With certain exceptions, an employer may not enter into an agreement, express or implied, with a labor union whereby the employer agrees to cease or refrain from handling, using, selling, transporting, or otherwise dealing in the products of another employer.
Section 8(e) of the Act provides that "[i]t shall be an unfair labor practice for any labor organization and any employer to enter into any contract or agreement, express or implied, whereby such employer ceases or refrains or agrees to cease or refrain from handling, using, selling, transporting or otherwise dealing in any of the products of any other employer, or cease doing business with any other person," subject to two provisos, discussed below.
- This prohibition, enacted in 1959, complements Section 8(b)(4), enacted 12 years earlier. Section 8(b)(4) makes it unlawful for unions to engage in certain kinds of conduct with an object of forcing or requiring an employer to cease doing business with another employer. (For more on Section 8(b)(4), see "for unions" in this app.) Section 8(e) ensures that unions and employers cannot accomplish by agreement what Section 8(b)(4) outlaws unions from accomplishing by compulsion. With two exceptions, discussed below, Section 8(e) makes it unlawful for an employer and union to enter into an agreement in which the employer agrees to cease doing business with another employer. (Section 8(b)(4)(A), enacted in its present form at the same time as Section 8(e), closes a final loophole by prohibiting unions from forcing an employer to enter into an agreement to cease doing business with another employer.)
- Section 8(e) makes it unlawful to "enter into" certain kinds of agreements. For Section 8(e) purposes, an agreement is entered into when it is executed, and also every time it is reaffirmed or enforced.
- As interpreted by the Supreme Court, Section 8(e) outlaws agreements that come within the scope of its terms and have a secondary objective. If a contract clause has a primary objective of benefiting the contracting employer's own employees-such as by preserving work they customarily perform or recapturing work they used to perform-it is lawful even if it appears to be condemned by the literal terms of Section 8(e). The work in question must be "fairly claimable" by unit employees.
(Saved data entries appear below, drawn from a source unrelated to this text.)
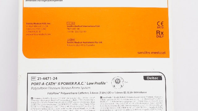 Contents: Portal with Ultra-Lock Connctor, Radiopaque PolyFlow Polyurethane Catheter, 7.8Fr, 20G Port-A-Cath Needle, 16G Blunt Needle, Vein Pick, 20G Gripper Plus Power P.A.C. Safety Huber Needle for Power Injection, 20G 90 Degree Port-A-Cath Needle 18G Extra Thin Wall Introducer Needle, 8.5Fr Introducer, 2 "J" Guidewires 0.035 inch, 50cm, 70cm, 2 Syringes, Tunneling Tool, 3 Point-Lok Sharps Safety Devices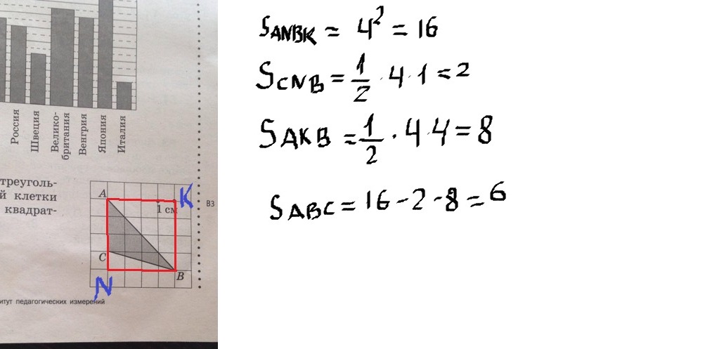 1. Для начала: достроим данный Δ до правильной фигуры, в данном случае у нас получился квадрат, площадь которого равна 4² = 16;
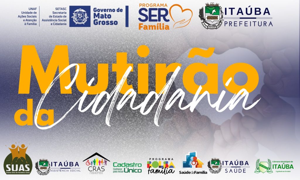O município de Itaúba receberá, no próximo dia 27 de maio, o Mutirão da Cidadania, uma grande ação social realizada pelo Governo do Estado de Mato Grosso, por meio da SETASC, UNAF e em parceria com a Secretaria Municipal de Assistência Social.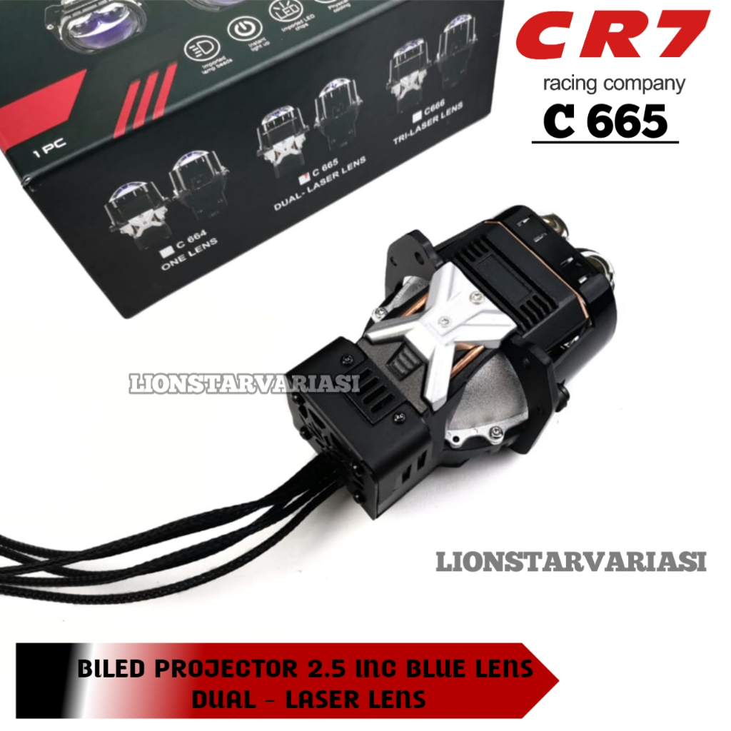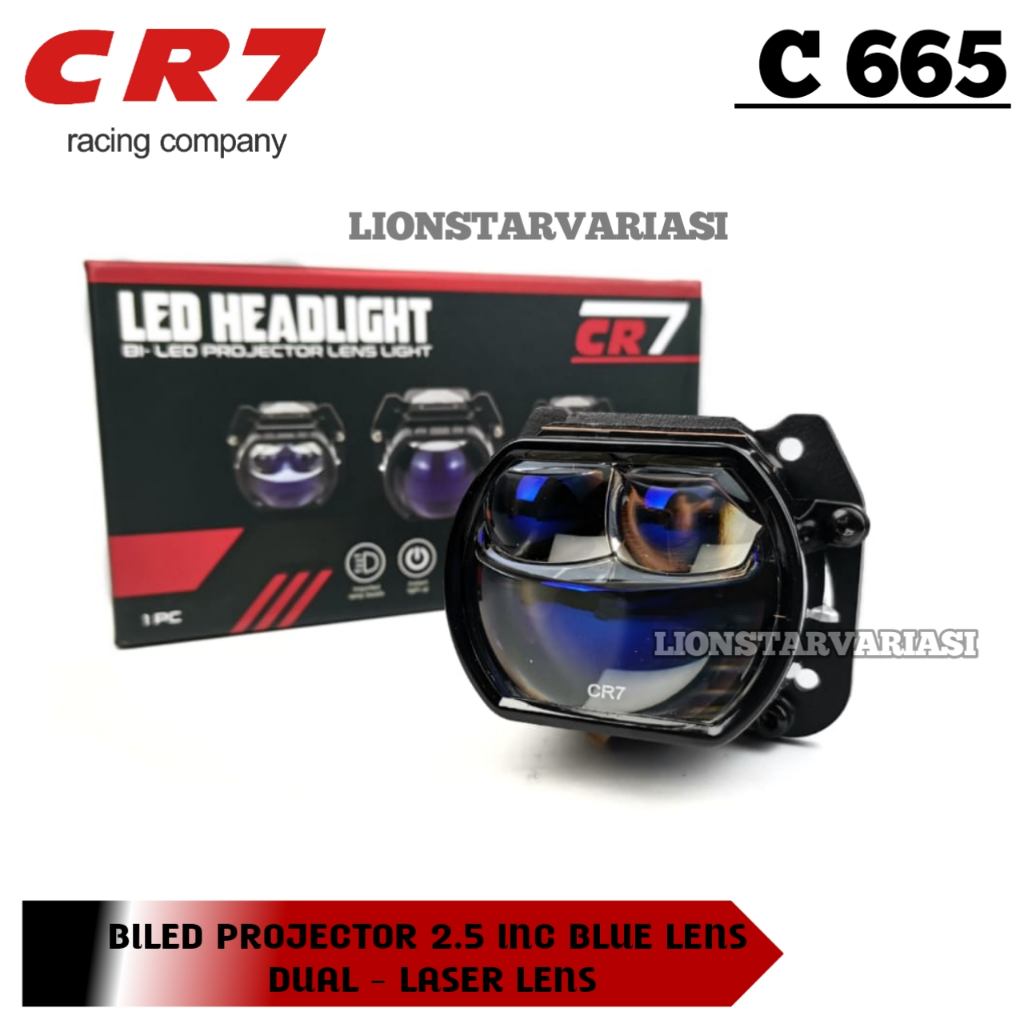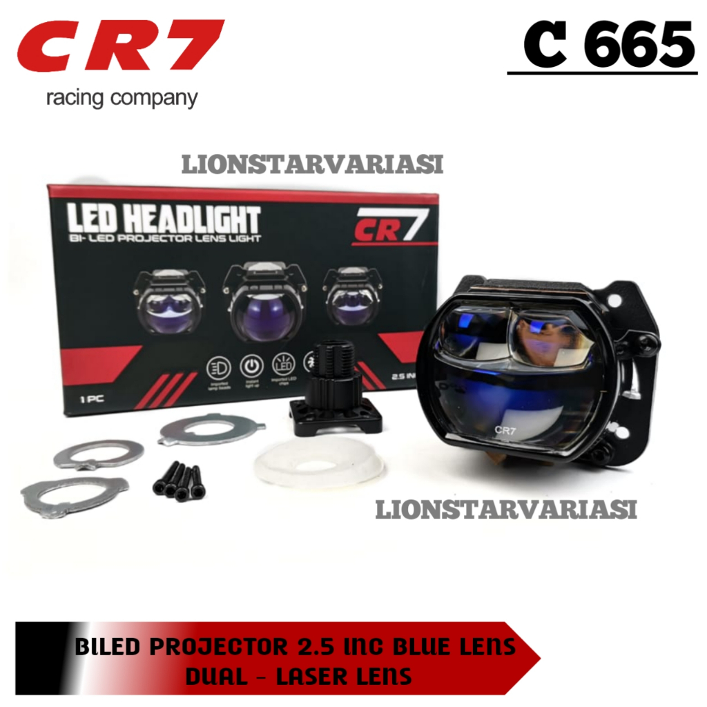 CR7 C665 - Biled Projector 2.5 Inc Blue Lens Plus 2 Mata Laser Devil High Low dan Kipas Premium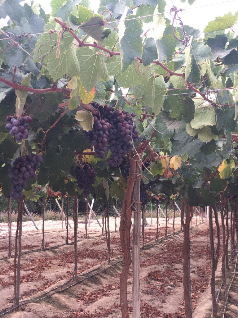 Puis un peu plus tard nous atteignons (enfin) Nasca et ses fameux géoglyphes qui me faisait tant rêver dans mes livres de géographie. Le site “classé UNESCO” s’étend sur plus de 500 km2. Nous faisons halte pour la nuit chez Alan Watkin qui dirige une ferme vinicole ne produisant qu’un seul cépage (Québranta) destiné à la distillation du Pisco. Comme c’est la saison des vendanges nous dégustons quelques grappes d’un raisin rouge très sucré (pour les connaisseurs 22-23 indice Brix). Alan aura d’ailleurs la gentillesse de nous organiser un survol en avion des fameux géoglyphes le lendemain matin. Décollage prévu pour 9h00 “car la visibilité depuis les airs et bien meilleure, et surtout ne prenez qu’un petit café suavé (léger) avant le vol, vous aurez le temps de petit déjeuner après” dixit Alan. Le survol se fait avec 4 autres passagers et pendant 45’ c’est un festival de figures géométriques absolument sublimes. Le pilote ne souhaitant déplaire à aucun passager nous a gratifier de passages quasi sur l’aile pour bien observer les figures sous l’aile d’abord côté droit puis immédiatement après un virage sec retour sur l’autre aile pour que chacun y trouve son compte. Cette technique de vol très “montagnes russes” (l’alarme d’inclinaison c’est déclenchée une fois au moins) nous a permis de mieux apprécier les conseils d’Alan a propos du petit café léger ! avant le vol, le pilote ayant pris soin d’insister sur la présence “d’un petit sac plastique situé dans la poche devant vous en cas d’urgence” !.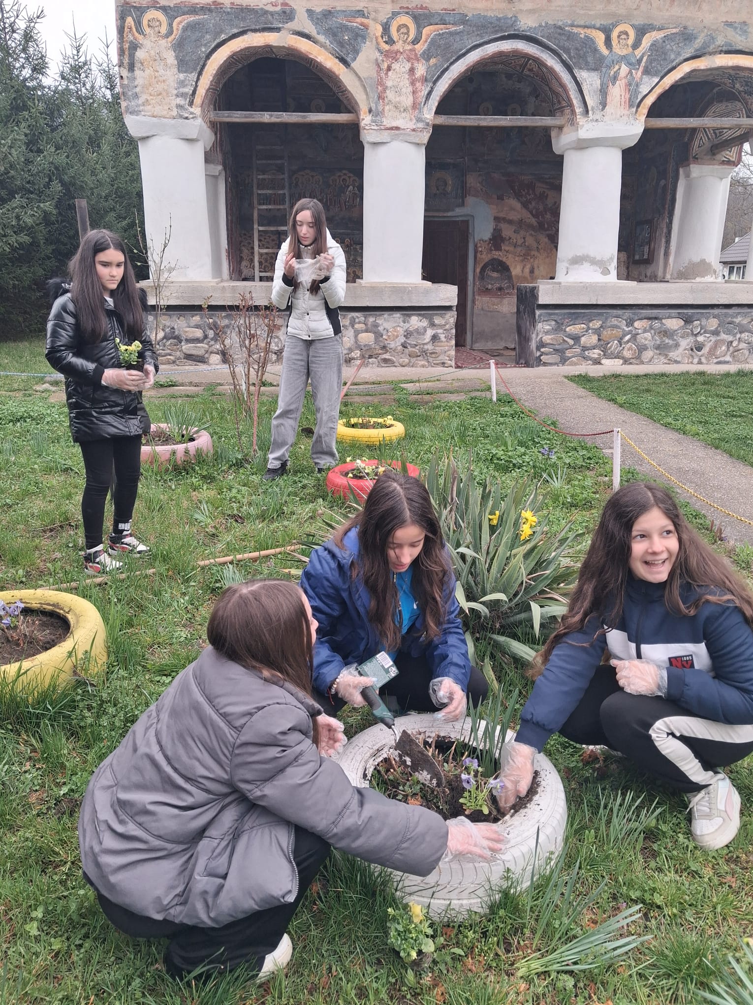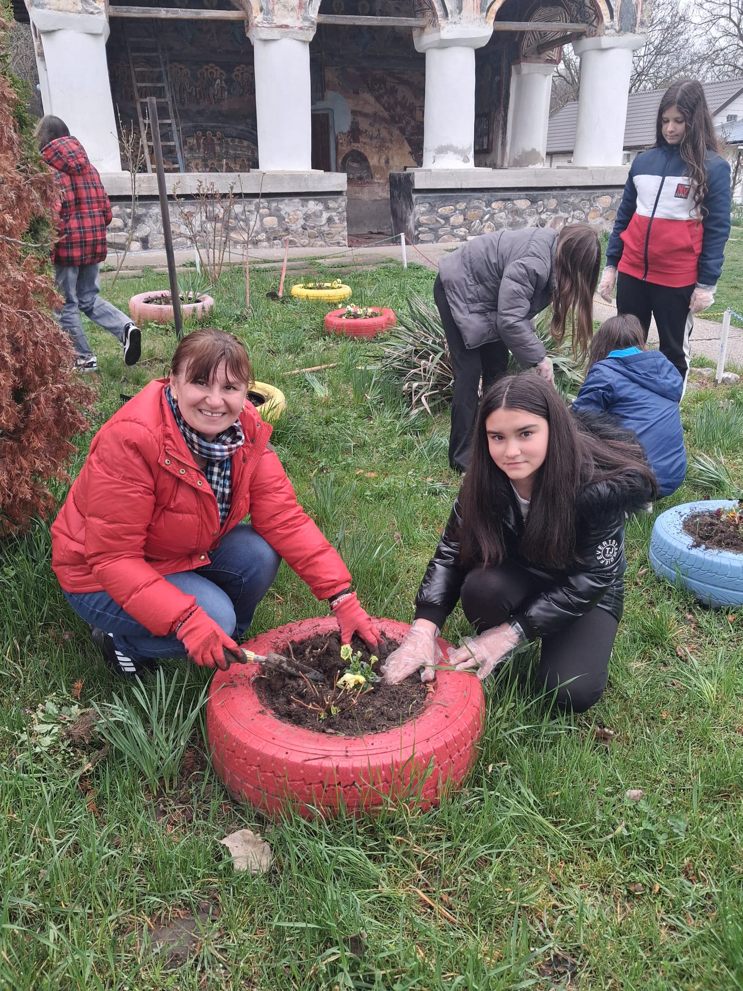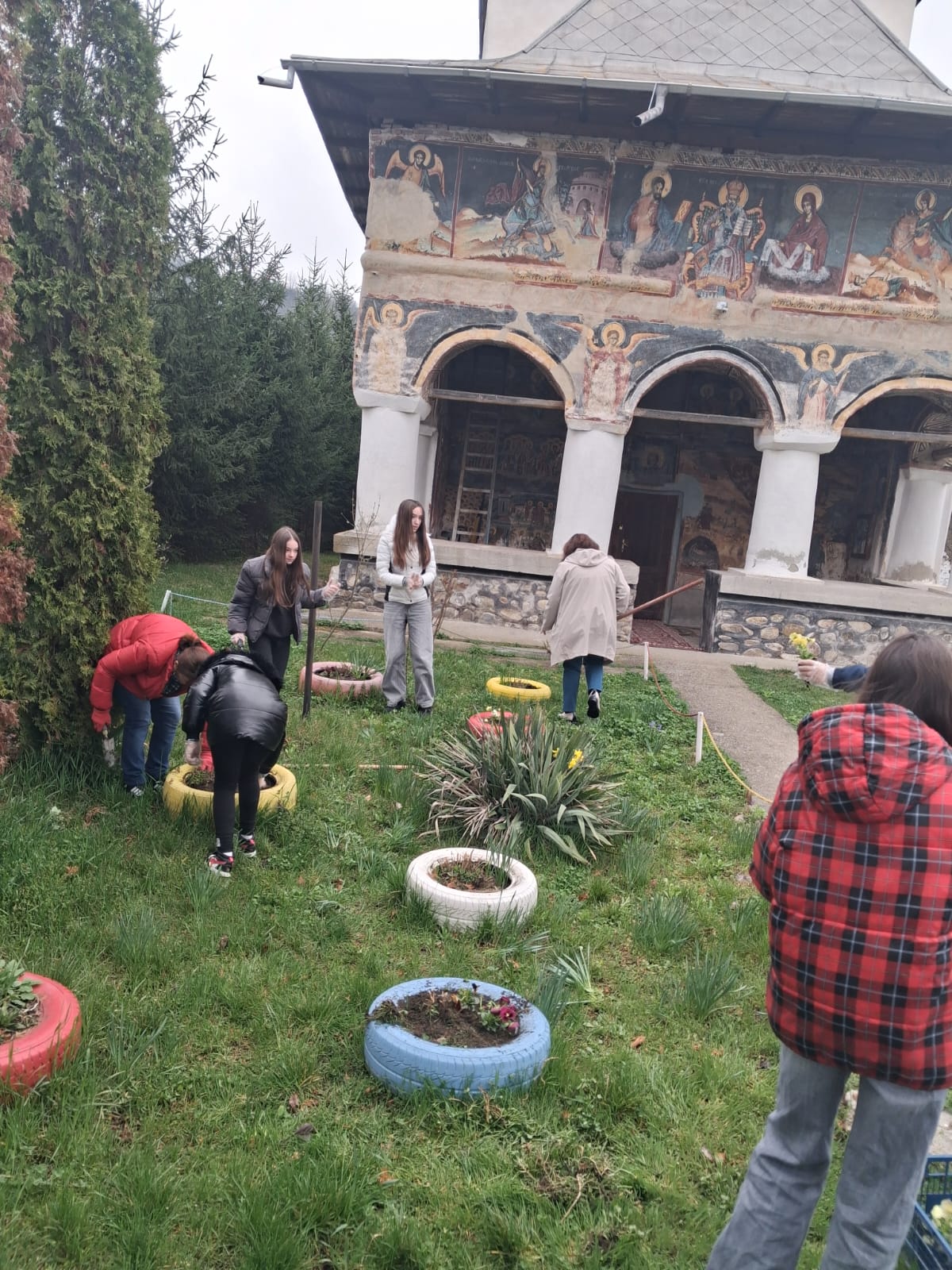 Continuarea activității în plan practic, prin acțiunea „Să înfrumusețăm curtea Bisericii”, a transpus în mod concret principiile discutate anterior, oferind elevilor oportunitatea de a transforma reflecția în faptă. Participarea elevilor, însoțiți de doamna profesoară de religie Ana Maria Sabie și de părinți, la plantarea de flori în incinta Bisericii „Sfântul Nicolae” din Ciofrângeni, a reprezentat mai mult decât o simplă activitate de voluntariat. Aceasta a devenit o veritabilă experiență de comuniune, în care efortul colectiv a fost orientat spre înfrumusețarea unui spațiu sacru, simbol al prezenței lui Dumnezeu în mijlocul comunității.

Where the objective of an 8(e)-defective clause is not to preserve unit work but to acquire work that unit empIoyees have never performed and thus cannot fairly claim, Section 8(e) is violated.
- "Picket-line" clauses that permit employees to refuse to cross picket lines in support of lawful primary strikes are lawful. But picket-line clauses worded so broadly as to permit employees to refuse to cross picket lines in support of secondary boycotts violate Section 8(e). Thus, for example, a clause permitting employees to refuse to cross any picket line would be unlawful.
- "Struck-work" clauses in which an employer agrees, in essence, not to become an ally of a struck employer do not violate Section 8(e). (For more on the "ally doctrine", see "for unions" in this app.) Thus, for example, a clause providing that employees will not be required to handle work "farmed out" from a struck employer, while making clear that it does not apply to work the employer has customarily performed for such employer, would be lawful.
- Outside of the construction and garment manufacturing industries, union-signatory subcontracting clauses violate Section 8(e), but union-standards subcontracting clauses do not. Thus, a clause requiring the employer to subcontract work only to employers that have collective-bargaining agreements would be unlawful. But a clause requiring the employer to subcontract work only to employers that observe union-equivalent wages, hours, and benefits would not.
- The first or "construction industry" proviso to Section 8(e) exempts from its prohibition agreements in the construction industry relating to the contracting or subcontracting of work to be done at a construction site. Under the second proviso, Section 8(e) does not apply to certain agreements in the garment manufacturing industry.
- In Woelke & Romero Framing v. NLRB, 456 U.S. 645 (1982), the Supreme Court held that the construction industry proviso "shelters union signatory subcontracting clauses that are sought or negotiated in the context of a collective bargaining relationship." Thus, a general contractor and union that have a bargaining relationship (under either Section 9(a) or 8(f)) may enter into an agreement requiring the general contractor to subcontract construction-site work to union-signatory subcontractors. (A union may strike or picket to obtain such an agreement, but it may not do so (or threaten to do so) to enforce such an agreement.) In the absence of a collective-bargaining relationship, however, such an agreement is outside the shelter of the construction industry proviso.
- Under the second or "garment industry" proviso, Section 8(e) does not apply to certain agreements in the garment manufacturing industry. The purpose of the "garment industry" proviso is to protect agreements that prevent subcontracting "parts of an integrated process of production in the apparel and clothing industry" to sweatshops.